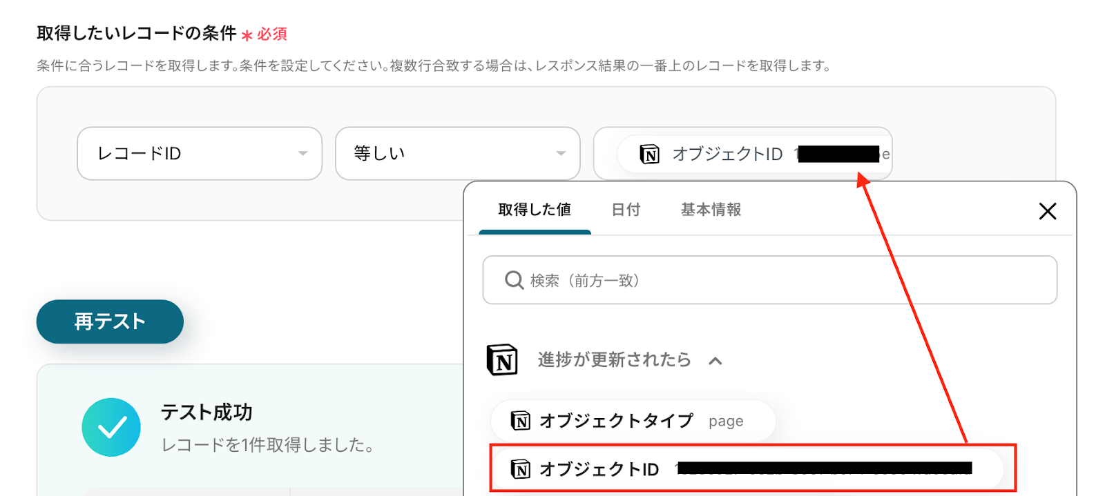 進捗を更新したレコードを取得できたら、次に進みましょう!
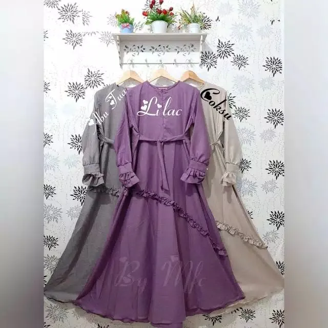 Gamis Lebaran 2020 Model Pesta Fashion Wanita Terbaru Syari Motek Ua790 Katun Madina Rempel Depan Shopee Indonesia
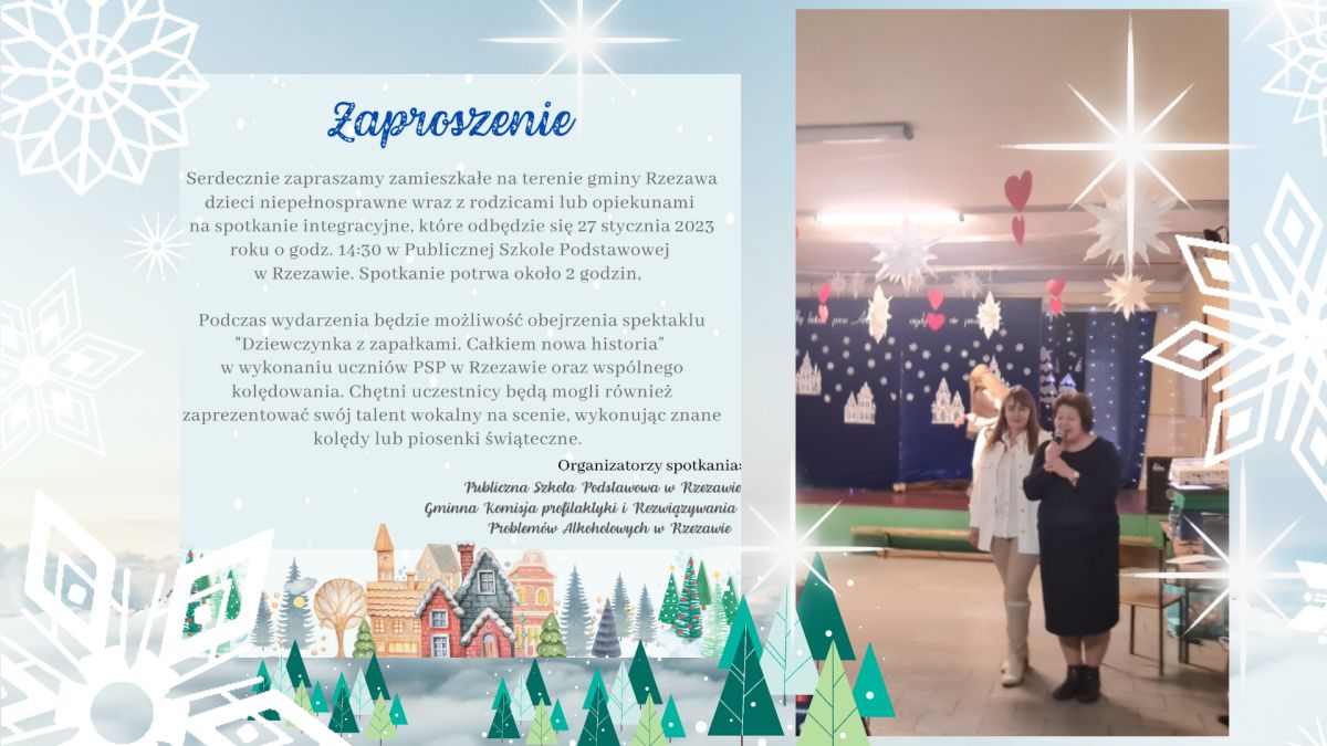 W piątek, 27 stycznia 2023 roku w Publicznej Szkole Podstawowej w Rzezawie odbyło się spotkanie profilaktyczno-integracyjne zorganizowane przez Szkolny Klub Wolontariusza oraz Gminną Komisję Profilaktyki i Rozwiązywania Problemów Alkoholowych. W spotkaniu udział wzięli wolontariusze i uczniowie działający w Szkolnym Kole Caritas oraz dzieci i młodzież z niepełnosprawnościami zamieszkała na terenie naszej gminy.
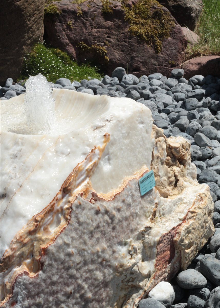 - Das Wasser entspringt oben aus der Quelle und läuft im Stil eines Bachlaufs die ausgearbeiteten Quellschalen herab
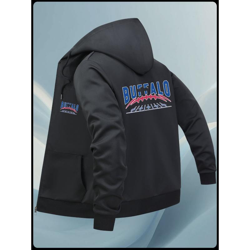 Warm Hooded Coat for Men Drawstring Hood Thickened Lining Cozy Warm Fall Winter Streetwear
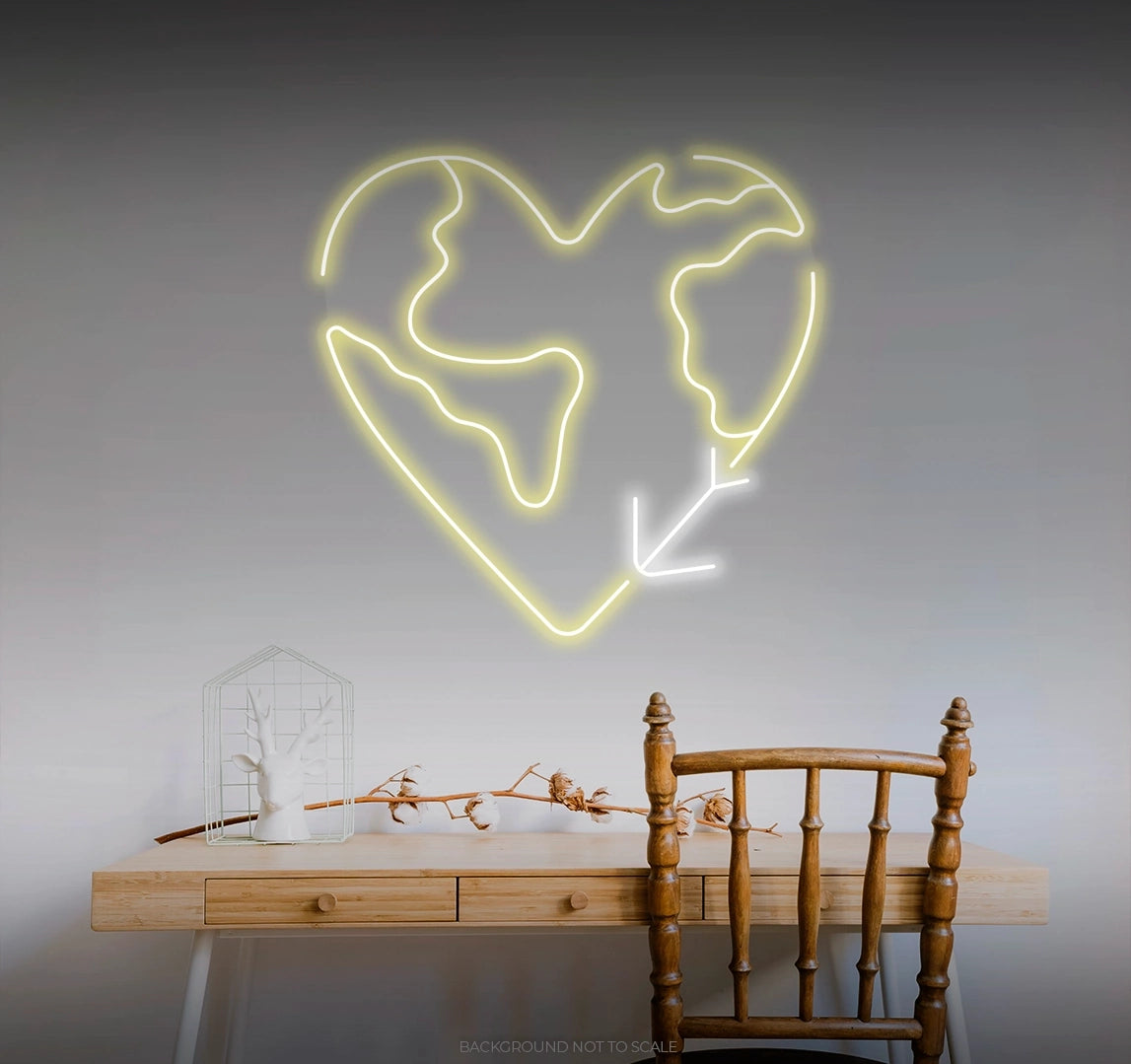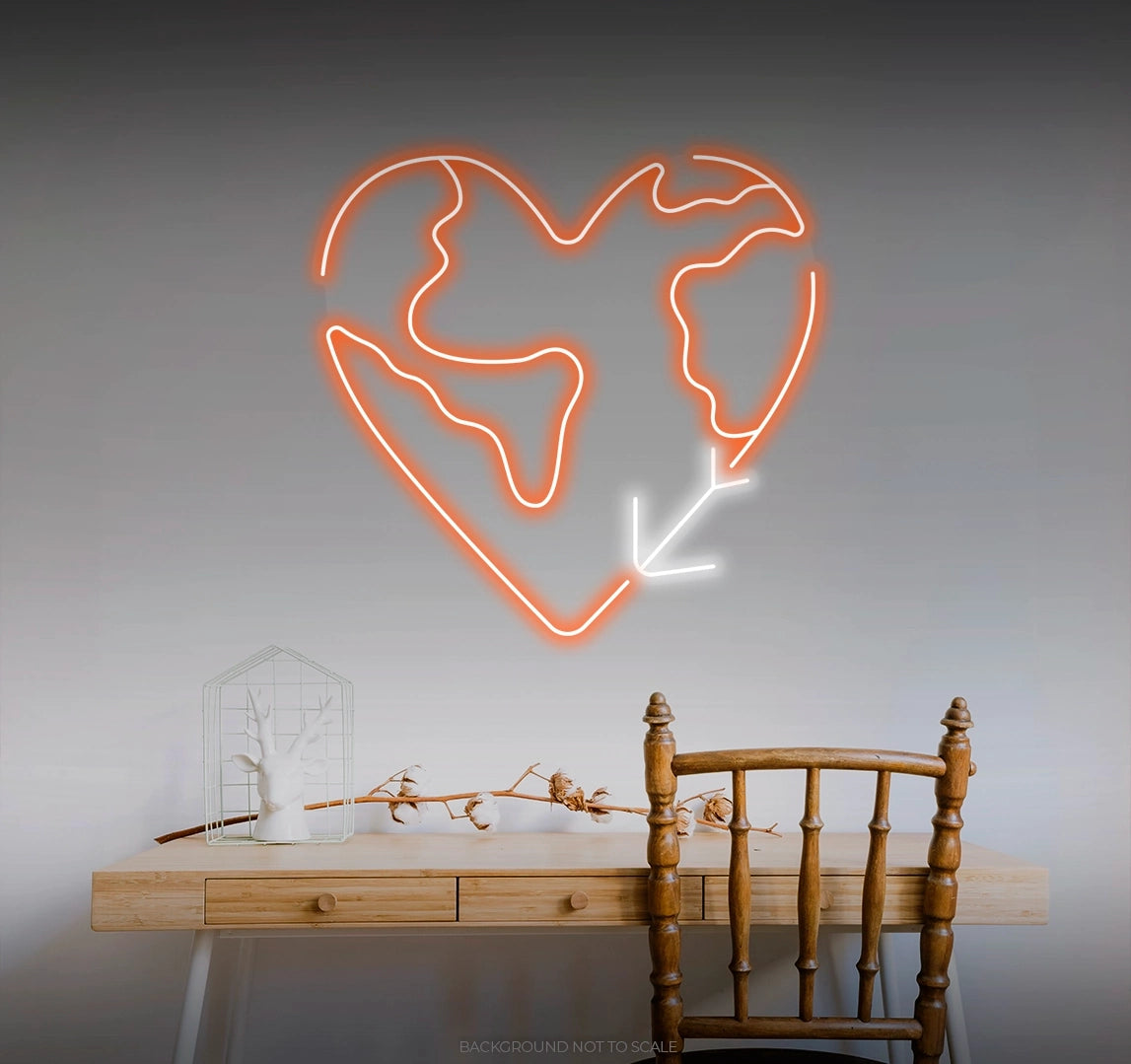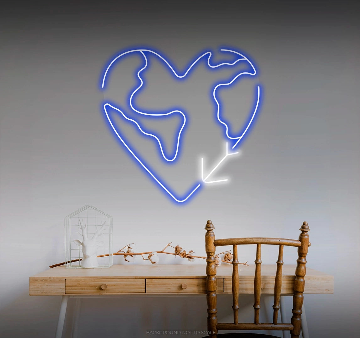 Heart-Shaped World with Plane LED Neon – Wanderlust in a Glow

※ ※ ※

• **Your assignment**:
The entries above should be retyped exactly, minus any pictures.

• **Solution below**:
 進捗を更新したレコードを取得できたら、次に進みましょう!
 Gamis Lebaran 2020 Model Pesta Fashion Wanita Terbaru Syari Motek Ua790 Katun Madina Rempel Depan Shopee Indonesia
 W piątek, 27 stycznia 2023 roku w Publicznej Szkole Podstawowej w Rzezawie odbyło się spotkanie profilaktyczno-integracyjne zorganizowane przez Szkolny Klub Wolontariusza oraz Gminną Komisję Profilaktyki i Rozwiązywania Problemów Alkoholowych. W spotkaniu udział wzięli wolontariusze i uczniowie działający w Szkolnym Kole Caritas oraz dzieci i młodzież z niepełnosprawnościami zamieszkała na terenie naszej gminy.
 - Das Wasser entspringt oben aus der Quelle und läuft im Stil eines Bachlaufs die ausgearbeiteten Quellschalen herab
 Warm Hooded Coat for Men Drawstring Hood Thickened Lining Cozy Warm Fall Winter Streetwear
 Heart-Shaped World with Plane LED Neon – Wanderlust in a Glow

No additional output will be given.